CONFERENCE HIGHLIGHTS APACRS 2019 Coverage
Elegance and Innovation Showcased at the APACRS 2019 in
by Matt Young
R
ight after the Paris runway at the 37th Congress of the European Society of Cataract and Refractive Surgeons (ESCRS 2019), CAKE magazine next landed in the beautiful city of Kyoto, the former capital of Japan, to discover innovations in the fields of cataract and refractive surgery at the Annual Meeting of the Asia-Pacific Association of Cataract and Refractive Surgeons (APACRS 2019). Aptly themed Elegance and Innovation, the APACRS 2019 presented the latest cutting-edge products and techniques in this ever-evolving field, shared by renowned ophthalmologists from around the world. Located in a venue rich in history and tradition, the titles of the APACRS symposia reflected the Japanese culture. Among them include the ‘Sumo’ session on the challenges in refractive surgery and the ‘Umami’ session, which tackled astigmatism correction in cataract surgery and other non-phaco and intraocular lens (IOL)related issues. Below are some insights from the intriguingly titled session: ‘Katana’ on ‘The Cutting Edge in Phaco and IOLs’. So, what exactly is a katana? In days of yore, the heroic samurai of ancient and feudal Japan relied on the katana, a Japanese sword with a curved, single-edged blade. According to Western historians, the katana was among the finest cutting weapons in world military history. Eye surgeons, on the other hand, can count on their trusty surgical instruments.

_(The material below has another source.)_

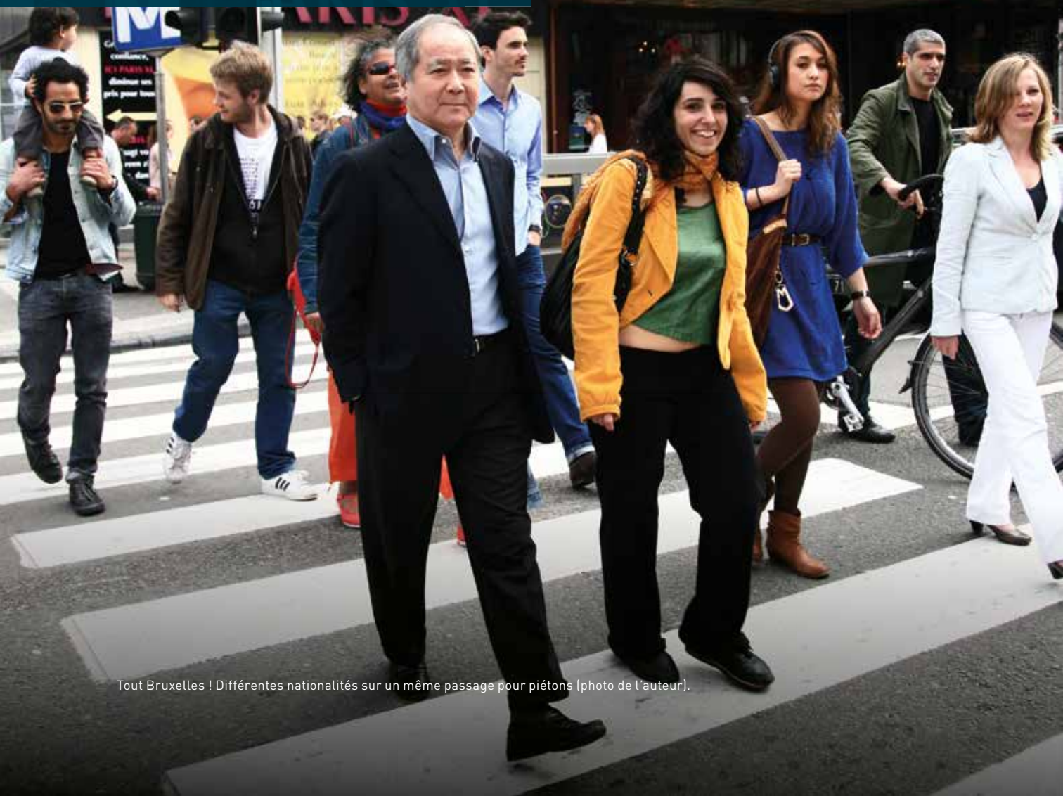
Tout Bruxelles ! Différentes nationalités sur un même passage pour piétons.

HISTORIEN, AUTEUR, COLLABORATEUR DES CLASSES DU PATRIMOINE & DE LA CITOYENNETÉ

The cutting-edge katanas of cataract surgery According to Dr. Oliver Findl from the Vienna Institute for Research in Ocular Surgery, and Hanusch Hospital,
Vienna, Austria, one can also rely on measurements to enhance toric outcomes. He said that different corneal measurements cannot be used interchangeably. He also advised to use a combination of different measurement methods for toric IOL calculation. Swept-source optical coherence tomography (SS-OCT) appears to be more accurate compared to Scheimpflug imaging. Dr. Findl noted that the main source of error in toric-IOL calculation is the corneal measurement. His advice? “Use three different devices and at least two different measurement techniques.” “Doubt your corneal measurements and repeat them, if necessary,” he urged, especially for patients with conditions such as dry eye, and irregular cornea. Meanwhile, Professor Soon-Phaik Chee, from the Singapore National Eye Centre (SNEC), talked about the CAPSULaser, a selective non-contact non-pulsatile laser that creates a capsulotomy in less than a second. She said that problems with femtosecond laser-assisted cataract surgery (FLACS) included the cost. It also requires additional room and an additional set of staff, while also affecting patient flow. Meanwhile, ZEPTO, the precision pulse capsulotomy device from Mynosys (Fremont, CA, USA), requires un-scrubbed staff to assist, one of its limitations. She concluded that the CAPSULaser has its advantages including its selective thermal laser capsulotomy and it does not disrupt the patient flow. Some biomaterials are purer than others, said Professor Gerd Auffarth from the International Vision Correction Research Centre, Germany, during the session.
Kyoto
He noted that a purity study on hydrophobic acrylic IOL material comparing Hoya’s Vivinex, Alcon’s SN60WF and J&J Vision’s Tecnis showed that hydrophobic-acrylic IOL models differ in their resistance to develop glistenings and glistening patterns. Glistenings do not reduce visual acuity but increase ‘straylight’, which can cause patients to be blinded by oncoming car headlights and hazy vision. In the study, an accelerated aging protocol was used to induce glistenings, or microvacuoles, in hydrophobic acrylic IOLs. The IOLs were warmed to 45°C and then cooled to 37°C. “Although less severe, the glistening problem needs to be addressed by the IOL manufacturer through either the introduction of new materials or by continuous improvement of the manufacturing process,” concluded Prof. Auffarth.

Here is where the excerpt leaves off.